At the same time, credibility is key. Sustainability claims must be supported by real industrial feasibility, supply chain transparency, and long-term durability.
Looking ahead, I believe we will see a shift toward materials that combine performance, circularity, and strong aesthetic identity, where sustainability becomes an integral part of the experience.

L.S.: The role of CMF seems to be evolving from a finishing function to a strategic lever. How would you define the new role of CMF in automotive design?
L.L.: CMF is no longer a supporting function, it is a strategic pillar of product and brand development.
CMF sits at the intersection of design, engineering, marketing, and sustainability. It can influence not only how a product looks and feels, but also how it is perceived, positioned, and valued.
It translates brand identity into tangible experiences, aligns cross-functional teams (internally and externally) around a shared vision, and brings coherence across complex product portfolios.
It is also increasingly involved upstream in the process, contributing to product strategy, innovation roadmaps, and even business decisions such as trim structure or personalization models.
CMF is now a key tool for differentiation, storytelling, and value creation.
L.S.: What motivated you to join DVN Interior?
L.L.: Joining Driving Vision News Interior was a natural extension of my career.
Throughout my experience, I’ve always valued cross-functional dialogue and knowledge sharing. DVN offers a unique platform to connect designers, engineers and suppliers around the key challenges shaping our industry.

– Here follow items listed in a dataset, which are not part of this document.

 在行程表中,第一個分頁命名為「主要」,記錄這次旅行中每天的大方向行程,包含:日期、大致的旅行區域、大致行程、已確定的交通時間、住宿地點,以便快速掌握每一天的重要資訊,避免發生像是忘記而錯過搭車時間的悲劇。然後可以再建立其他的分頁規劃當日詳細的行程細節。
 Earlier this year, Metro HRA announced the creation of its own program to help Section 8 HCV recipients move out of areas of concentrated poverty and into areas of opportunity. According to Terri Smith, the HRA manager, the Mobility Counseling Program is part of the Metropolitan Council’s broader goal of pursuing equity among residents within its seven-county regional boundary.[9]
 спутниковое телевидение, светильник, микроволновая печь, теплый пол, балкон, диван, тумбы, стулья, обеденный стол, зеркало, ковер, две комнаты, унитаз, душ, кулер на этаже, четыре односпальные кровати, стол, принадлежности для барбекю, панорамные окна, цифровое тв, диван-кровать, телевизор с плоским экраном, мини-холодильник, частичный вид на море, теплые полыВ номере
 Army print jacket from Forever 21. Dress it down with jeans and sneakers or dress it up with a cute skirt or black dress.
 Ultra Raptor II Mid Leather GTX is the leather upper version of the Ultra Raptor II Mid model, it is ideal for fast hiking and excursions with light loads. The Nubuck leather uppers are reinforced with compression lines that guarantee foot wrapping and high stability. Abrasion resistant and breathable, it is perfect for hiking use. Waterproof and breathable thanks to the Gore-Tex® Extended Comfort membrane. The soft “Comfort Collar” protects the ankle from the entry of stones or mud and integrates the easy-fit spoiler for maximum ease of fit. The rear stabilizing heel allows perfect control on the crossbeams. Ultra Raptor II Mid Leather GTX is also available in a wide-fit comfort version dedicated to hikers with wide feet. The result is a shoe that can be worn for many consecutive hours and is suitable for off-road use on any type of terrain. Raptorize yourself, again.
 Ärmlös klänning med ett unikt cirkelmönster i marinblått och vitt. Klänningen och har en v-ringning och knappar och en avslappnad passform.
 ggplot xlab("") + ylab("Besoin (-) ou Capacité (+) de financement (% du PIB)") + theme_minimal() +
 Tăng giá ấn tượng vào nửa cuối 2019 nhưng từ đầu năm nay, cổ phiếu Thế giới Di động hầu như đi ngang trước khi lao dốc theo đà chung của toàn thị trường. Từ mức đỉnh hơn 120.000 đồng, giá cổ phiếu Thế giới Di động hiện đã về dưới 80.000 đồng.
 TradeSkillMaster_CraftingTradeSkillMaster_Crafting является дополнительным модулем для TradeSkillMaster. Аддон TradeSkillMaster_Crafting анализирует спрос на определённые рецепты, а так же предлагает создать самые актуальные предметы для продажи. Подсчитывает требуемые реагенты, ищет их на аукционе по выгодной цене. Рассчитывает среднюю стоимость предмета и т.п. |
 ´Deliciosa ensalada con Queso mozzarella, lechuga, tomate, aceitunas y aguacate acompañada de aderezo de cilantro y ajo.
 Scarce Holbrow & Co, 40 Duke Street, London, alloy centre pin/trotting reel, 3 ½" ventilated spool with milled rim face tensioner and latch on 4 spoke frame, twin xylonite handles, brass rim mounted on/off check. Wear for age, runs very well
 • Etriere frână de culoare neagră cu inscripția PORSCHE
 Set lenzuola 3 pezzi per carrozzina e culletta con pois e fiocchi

My motivation is to contribute to elevating the conversation around CMF, design strategy, and customer experience, bringing a perspective that combines luxury, industrial expertise, and global brand thinking.
I also see this role as an opportunity to bridge different worlds, OEMs, suppliers, and startups, and to highlight emerging trends, materials, and manufacturing processes that will define the future of mobility.
For DVN members, I aim to bring:
- a strategic vision of CMF
- insights into luxury and bespoke experience design
- a strong understanding of global brand building and portfolio coherence
- and a forward-looking perspective on sustainability and material innovation
Ultimately, my ambition is to help foster more integrated, meaningful, and future-ready design approaches across the industry.